Ankara - Arab News
Iraqi Prime Minister Haider Al-Abadi arrived Wednesday in Ankara and met Turkish President Recep Tayyip Erdogan as ties between Ankara and Baghdad become warmer in opposition to the Kurdish independence referendum.
Erdogan said Turkey was ready to give all support to Baghdad as it seeks to reopen a crude oil pipeline from the Kirkuk oilfields to Turkey, through which Iraq stopped sending oil in 2014.
In a statement to media after meeting Iraqi Prime Minister Haider al-Abadi, Erdogan said they discussed what political, military and economic steps they could take after what he called the "illegitimate" Iraqi Kurdish referendum last month.
Abadi’s visit comes after relations between the neighboring countries were strained last year over Turkey’s presence at a military base in northern Iraq.

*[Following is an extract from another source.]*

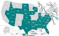 Bundesstaaten mit Right-to-work-Gesetzen sind:[7]
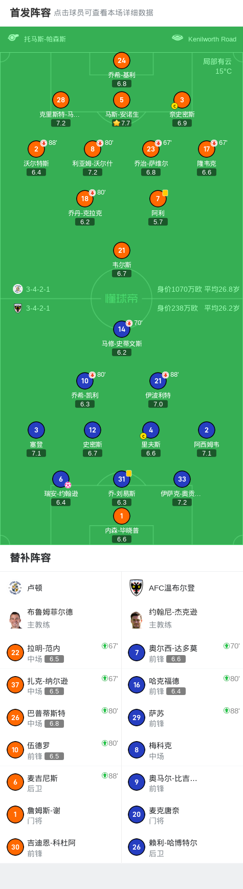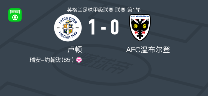 卢顿1-0AFC温布尔登战报bot @懂球帝2025-08-02 04:52北京时间8月2日,在英格兰足球甲级联赛首轮比赛中,卢顿坐镇主场迎战AFC温布尔登。比赛中,AFC温布尔登球员瑞安-约翰逊不慎自摆乌龙。凭借这一关键进球,卢顿以1-0战胜对手,取得新赛季开门红。点击查看本场比赛详细数据>>点击查看英甲完整积分榜>>精彩瞬间第85分钟,AFC温布尔登球员瑞安-约翰逊自摆乌龙。 球队阵容 技术统计 展开更多

Ankara maintained an estimated 2,000 troops in Iraq, around 500 of them were in the northern Bashiqa camp training local fighters last year ahead of the successful bid to free Mosul from the grip of the Daesh extremist group.
But since the non-binding independence vote and the countries’ mutual vehement opposition to it, Turkey has given its support to Baghdad by threatening to close its border with the Kurdistan Regional Government and apply economic sanctions.
Ankara had particularly criticized the inclusion of Kirkuk in the independence vote, stressing the province’s multi-ethnic character, where Kurds, Arabs and Turkmens live.
Abadi’s visit comes as Iraqi Kurdistan proposed Wednesday to “freeze” the results of its independence referendum and the “start of an open dialogue between the government of Kurdistan and the central government on the basis of the constitution.”